### TASK DIRECTIONS
Set down, word for word, every line of the material below from the one containing "SUPERMAN IV THE" through the one containing "Differences in cognitive", but none of its pictures.

### DATA SUPPLIED
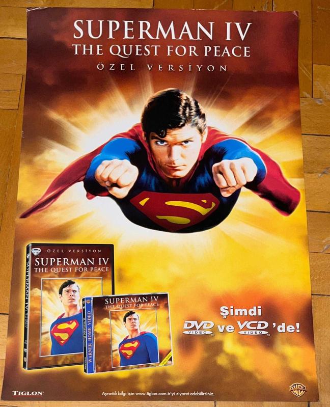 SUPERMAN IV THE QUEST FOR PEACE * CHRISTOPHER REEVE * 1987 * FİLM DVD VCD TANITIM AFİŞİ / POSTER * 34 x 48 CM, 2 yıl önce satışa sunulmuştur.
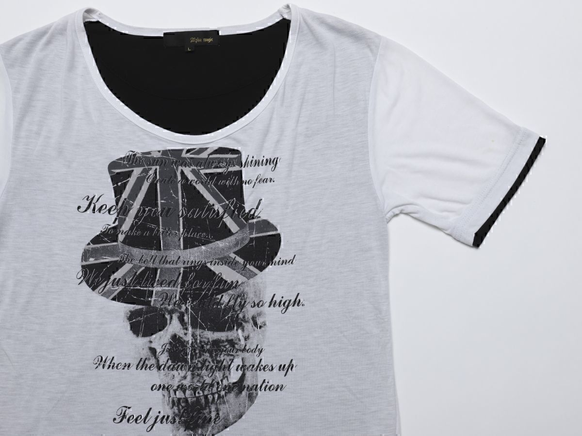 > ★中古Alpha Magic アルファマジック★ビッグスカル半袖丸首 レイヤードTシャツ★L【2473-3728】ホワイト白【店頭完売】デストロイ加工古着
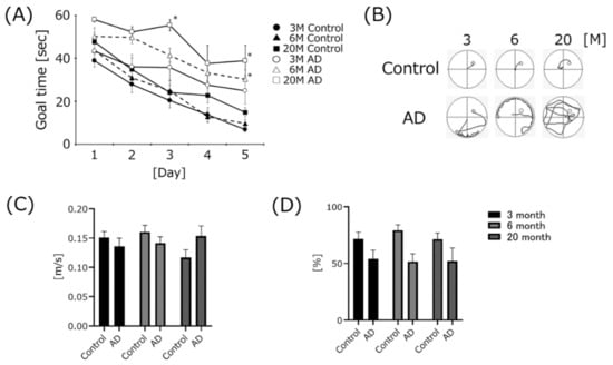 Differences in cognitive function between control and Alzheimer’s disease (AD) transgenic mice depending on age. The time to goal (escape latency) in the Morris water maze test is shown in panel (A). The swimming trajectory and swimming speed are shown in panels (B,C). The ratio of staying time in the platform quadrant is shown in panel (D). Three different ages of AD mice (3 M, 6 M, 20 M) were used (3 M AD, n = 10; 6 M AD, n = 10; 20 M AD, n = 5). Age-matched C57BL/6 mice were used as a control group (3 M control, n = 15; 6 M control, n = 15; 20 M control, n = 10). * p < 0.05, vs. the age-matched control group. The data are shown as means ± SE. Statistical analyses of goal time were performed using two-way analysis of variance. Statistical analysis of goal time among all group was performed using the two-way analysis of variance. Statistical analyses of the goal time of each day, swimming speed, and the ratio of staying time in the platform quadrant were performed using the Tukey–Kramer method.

==

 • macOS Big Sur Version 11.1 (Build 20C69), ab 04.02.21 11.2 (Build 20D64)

### OUTPUT OF THE TASK
 SUPERMAN IV THE QUEST FOR PEACE * CHRISTOPHER REEVE * 1987 * FİLM DVD VCD TANITIM AFİŞİ / POSTER * 34 x 48 CM, 2 yıl önce satışa sunulmuştur.
 > ★中古Alpha Magic アルファマジック★ビッグスカル半袖丸首 レイヤードTシャツ★L【2473-3728】ホワイト白【店頭完売】デストロイ加工古着
 Differences in cognitive function between control and Alzheimer’s disease (AD) transgenic mice depending on age. The time to goal (escape latency) in the Morris water maze test is shown in panel (A). The swimming trajectory and swimming speed are shown in panels (B,C). The ratio of staying time in the platform quadrant is shown in panel (D). Three different ages of AD mice (3 M, 6 M, 20 M) were used (3 M AD, n = 10; 6 M AD, n = 10; 20 M AD, n = 5). Age-matched C57BL/6 mice were used as a control group (3 M control, n = 15; 6 M control, n = 15; 20 M control, n = 10). * p < 0.05, vs. the age-matched control group. The data are shown as means ± SE. Statistical analyses of goal time were performed using two-way analysis of variance. Statistical analysis of goal time among all group was performed using the two-way analysis of variance. Statistical analyses of the goal time of each day, swimming speed, and the ratio of staying time in the platform quadrant were performed using the Tukey–Kramer method.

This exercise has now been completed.